Risk factors for the development of pathology in the fetus are:

  • incorrectly composed diet of the expectant mother;
  • smoking and drinking alcohol by parents during the period of conception;
  • arterial hypertension, especially combined with nephropathy and eclampsia in pregnant women;
  • diseases of the endocrine system in women (diabetes mellitus, pituitary insufficiency, increased production of adrenal and thyroid hormones);
  • work in conditions of environmental pollution with harmful gases and salts of heavy metals;
  • radiation exposure to a growing fetus;
  • use of antibiotics and a number of other pharmacological drugs.

Acquired forms of wedge-shaped vertebral deformity can develop at any age. Often the disease manifests itself at the age of 6–7 years or at the onset of puberty at 12–14 years. Then orthopedic pathology develops extremely slowly. Severe clinical symptoms can occur in a person aged 25–30 years.

Rapid deformation of the vertebral bodies can be caused by the following reasons:

  1. metastases of tumors to the base of the vertebra;
  2. purulent melting of bone tissue due to osteomyelitis, tuberculosis or syphilis;
  3. dystrophic degenerative processes in the tissues of the spinal column;
  4. traumatic effects causing compression fractures, cracks, etc.;
  5. spinal tumors;
  6. thoracic and lumbar osteochondrosis in the stage of pronounced protrusion of the fibrous ring of the intervertebral disc.
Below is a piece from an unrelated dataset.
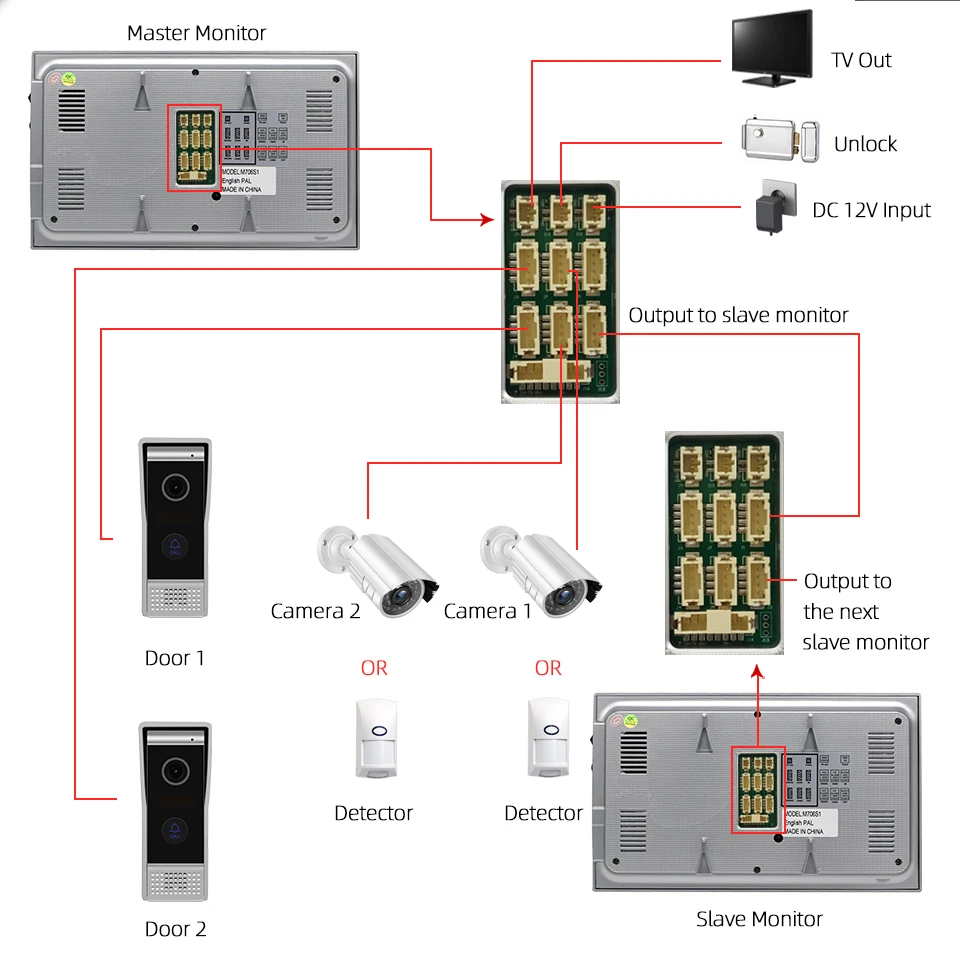 Поддержка монитора для подключения 6 внутренних мониторов, 2 замков, 2 панели вызова и 2 камеры наблюдения в основном, этот товар является бесплатным и доступен для двусторонней связи. Он поддерживает связь между внутренним монитором и наружной камерой, но также поддерживает связь между монитором и монитором. Вы не всегда спустились вниз, откройте дверь после установки нескольких домофонов

During menopause, wedge-shaped deformation of the vertebral bodies in women may be associated with the development of osteoporosis. Therefore, when pathology is detected, densitometry is necessarily performed to determine bone density. Corrective therapy, including hormonal replacement therapy, is prescribed as necessary.

Causes

The main reason for the formation of wedge-shaped vertebrae is a failure in the development of the embryo.


The spine can become deformed due to heredity. Provoking factors are :

  • Hereditary pathology. Usually this is Scheuermann-Mau disease, which is transmitted through generations.
  • Endocrine disorders in the mother.
  • Poor nutrition during pregnancy.
  • Infections, especially those suffered in the first trimester.
  • Unfavorable environmental conditions.
  • Hard work during pregnancy.
  • Severe stress.

As for the acquired disease, it can be provoked by the following factors:

  • Back injuries.
  • Neoplasms in the spine.
  • Inflammatory process in the spine.
  • Osteoporosis.
  • Systemic diseases associated with metabolic disorders.
  • Granulomatosis (inflammation of the vascular walls).

Video: “Kyphosis: how to straighten the hump on your back?”

Diagnostic methods ↑

Since in order to prescribe effective treatment it is extremely important for the doctor to have a clear understanding of the condition of each vertebra and the nature of the existing wedge-shaped deformities, various methods can be used for diagnosis.

They can have varying degrees of information content depending on the type of wedge-shaped deformity and the location of the hemivertebra.

Magnetic resonance imaging

Read also…. How to treat spondylolisthesis?

MRI or magnetic resonance imaging, according to many experts, is the method of first choice in the differential diagnosis of wedge-shaped deformity of the vertebrae.

Unlike other methods of radiation diagnostics, MRI provides a more complete picture, allowing you to study the condition of the vertebrae, spinal cord, epidural space, discs, and dural sac.

Wedge-shaped deformation of the vertebrae often occurs as a result of damage to the spinal cord.

Therefore, this research method is advisable to use when examining patients with symptoms indicating the possibility of wedge-shaped displacement of the vertebrae or their deformation.

Radionuclide method

The radionuclide method, or osteoscintigraphy, is used in the differential diagnosis of wedge-shaped deformities of the vertebrae, especially in cases where it is caused by metastatic lesions.

The radionuclide method is used in combination with magnetic resonance imaging, since it has more limited capabilities in diagnosing local vertebral lesions.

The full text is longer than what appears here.